We automatically refresh the data in this workbook once a day from a static snapshot. In Row Zero, pivot tables, formulas, and charts all automatically recalculate when the data they reference changes, so this forces the whole workbook to recalculate at once. We measure how long that takes.

Over the last twelve months, we’ve gotten 4x faster on this benchmark.

A graph titled "Row Zero perf: 31 Million rows". It shows a metric measuring total recalc time for a pivot table, COUNTIF, and chart. The graph demonstrates an improvement over time.  The x-axis runs from July 2025 through the start of June 2026.  In July 2025, total recalc time is about 2.25 seconds. There are three big step changes shown in the graph.  In Nov 2025, total recalc time roughly halves, and is somewhat variable between 1 and 1.5 seconds.  In Feb 2026, total recalc time drops to about 0.75 seconds and becomes less variable.  Finally, at the end of May 2026, total recalc time drops below 0.5 seconds.

When we started measuring, it took us a little over 2 seconds to recalculate the pivot, COUNTIF, SUM, and chart. That was already best-in-class. (Excel and Google Sheets lose by default, since they can’t even load this much data to begin with.)

But we weren’t satisfied. And if you give our team of stellar systems engineers a clear target to optimize and the opportunity to work at it, they’ll make as fast as can be.

Just last month, my new colleague Tim MacPherson shipped a change that brought us under half a second for the first time! And we’ve recorded another 10% improvement since then.

How did we do it?

The wins have come from all over the spreadsheet engine. Better hashing algorithms. Improved parallelism and locality. DAG optimization. Static analysis. There’s no silver bullet, and every improvement compounds.

Tim’s recent change, for example, sped up computation of where in a column of data a COUNTIF predicate matches, essentially by using hash keys that are cheaper to compute when comparing two values for equality.
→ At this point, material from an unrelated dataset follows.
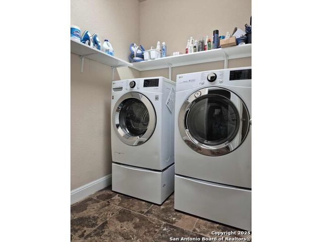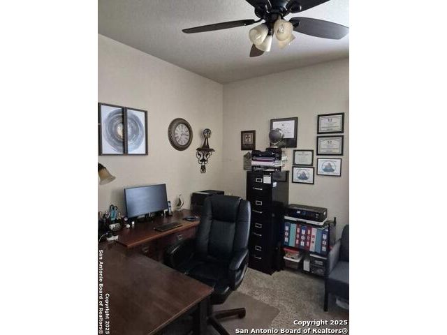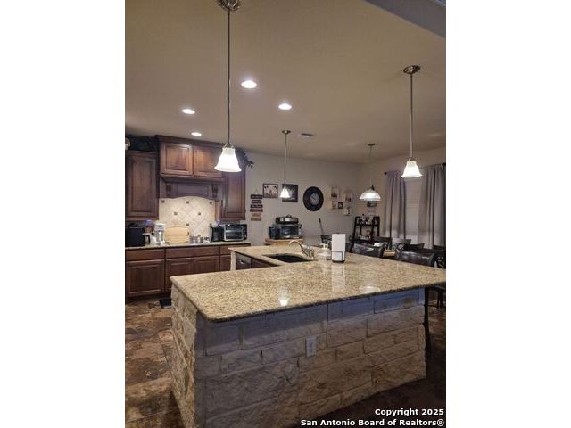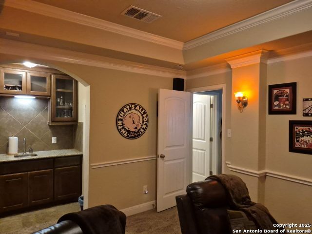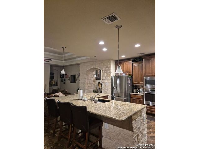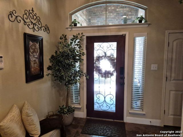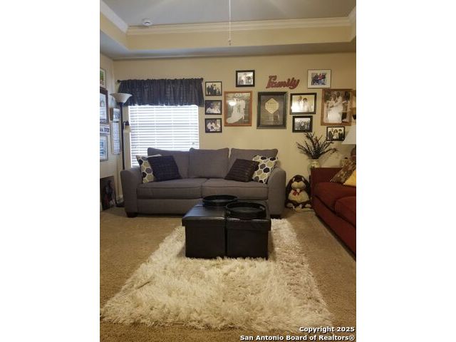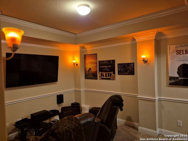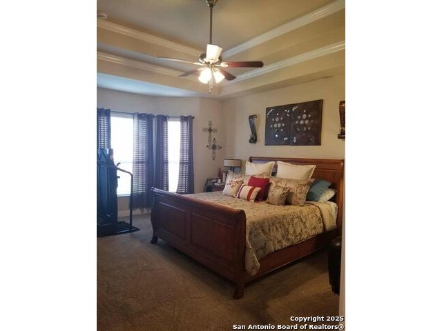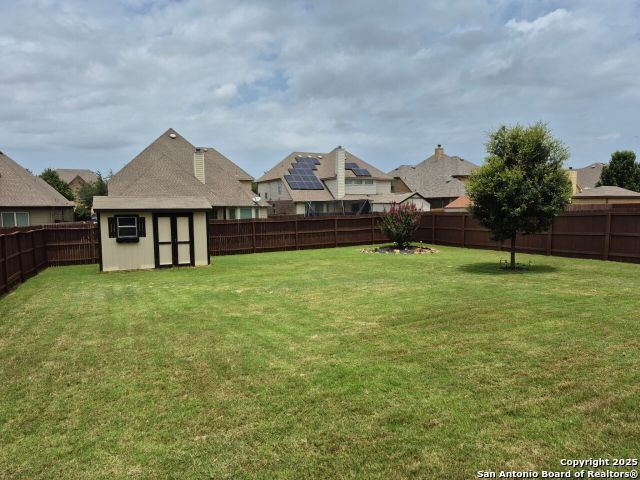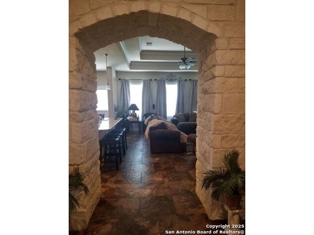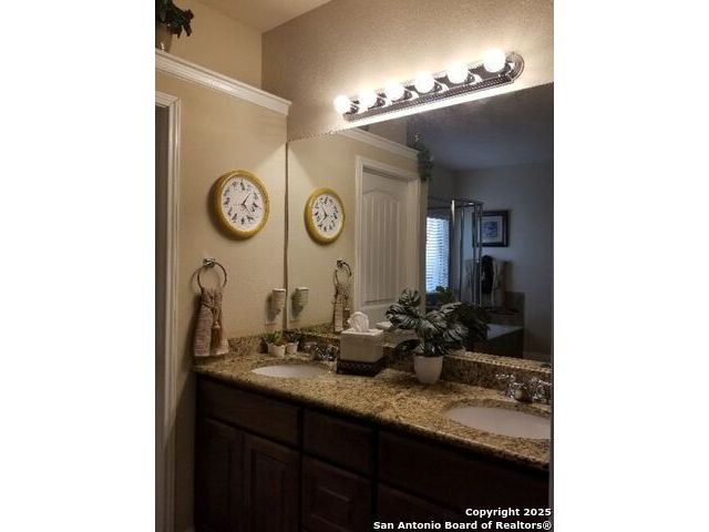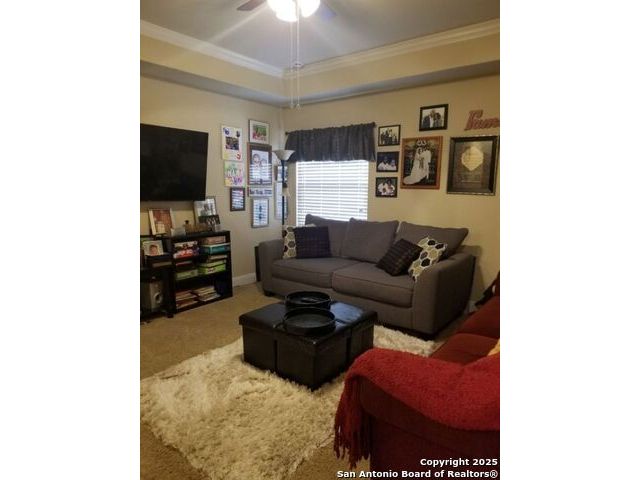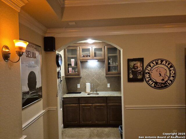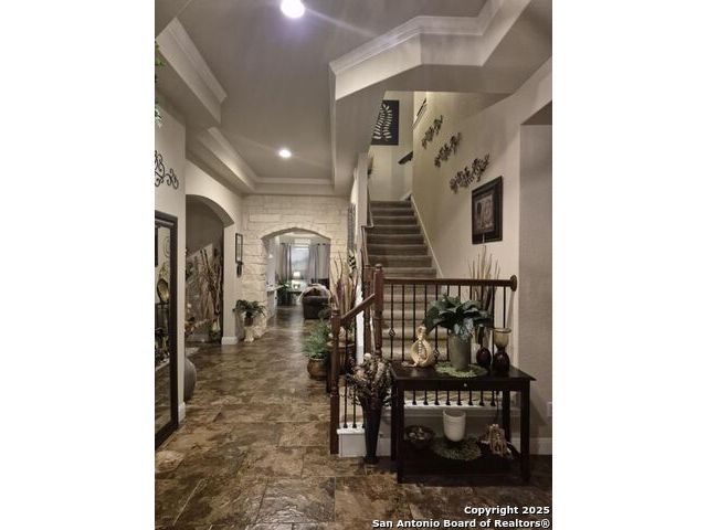 A MUST SEE!!! Located in TURNING STONE COMMUNITY in Cibolo. A beautiful 1.5 story, 3 bedroom, 3 bath, plus an office/study and upstairs media room with wet bar plus flex room and full bath. Open floor plan with 2 dining areas. Crown molding throughout gives this beauty warmth and character. A rock archway leads to the living room and kitchen area with L-shaped island of rock base and granite countertops. The primary bedroom has bay windows, walk in closet, glass enclosed shower and jetted bath. Large covered patio and pool size back yard are perfect for family fun and entertaining. Recent installation of a HVAC system (3 years old) and water heater (1.5 years old).
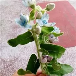 植株叶片对生,长梭型,整个叶片及茎干密布白色绒毛。叶片顶端微金黄,叶尖圆型。初夏开花,聚伞花序,花序较高,小花管状向上,花开白粉色,花瓣4片,花期较长。

The key is that we have established consistent benchmarks, giving us a stable target to improve over time — and ensuring we don’t regress performance as we continue to add new features.

What’s next?

We aren’t done. There’s probably at least another 10% win to be found, by the next new engineer we add to the Row Zero team. And we’ll keep measuring and optimizing more and more complex cases as our customers push the boundaries of what’s possible in Row Zero. This is the frontier of spreadsheet performance.